# Try it
Write out the material below again, line for line, without any images.

# Source data
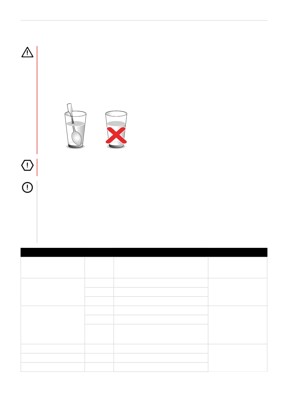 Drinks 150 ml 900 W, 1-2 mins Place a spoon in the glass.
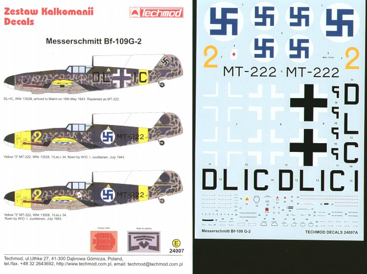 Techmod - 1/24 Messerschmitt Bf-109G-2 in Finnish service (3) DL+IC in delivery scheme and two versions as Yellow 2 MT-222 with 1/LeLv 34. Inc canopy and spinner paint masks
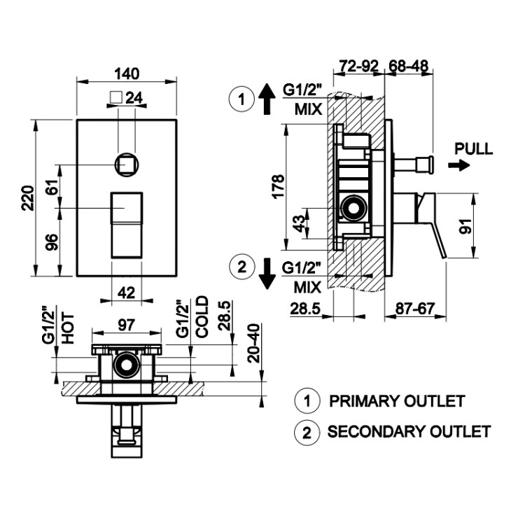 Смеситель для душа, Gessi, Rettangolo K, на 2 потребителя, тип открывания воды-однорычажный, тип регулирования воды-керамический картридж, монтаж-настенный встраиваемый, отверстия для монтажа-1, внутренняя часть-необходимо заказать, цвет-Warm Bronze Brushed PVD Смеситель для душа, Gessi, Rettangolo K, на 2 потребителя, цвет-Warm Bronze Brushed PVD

# Response to this exercise
 Drinks 150 ml 900 W, 1-2 mins Place a spoon in the glass.
 Techmod - 1/24 Messerschmitt Bf-109G-2 in Finnish service (3) DL+IC in delivery scheme and two versions as Yellow 2 MT-222 with 1/LeLv 34. Inc canopy and spinner paint masks
 Смеситель для душа, Gessi, Rettangolo K, на 2 потребителя, тип открывания воды-однорычажный, тип регулирования воды-керамический картридж, монтаж-настенный встраиваемый, отверстия для монтажа-1, внутренняя часть-необходимо заказать, цвет-Warm Bronze Brushed PVD Смеситель для душа, Gessi, Rettangolo K, на 2 потребителя, цвет-Warm Bronze Brushed PVD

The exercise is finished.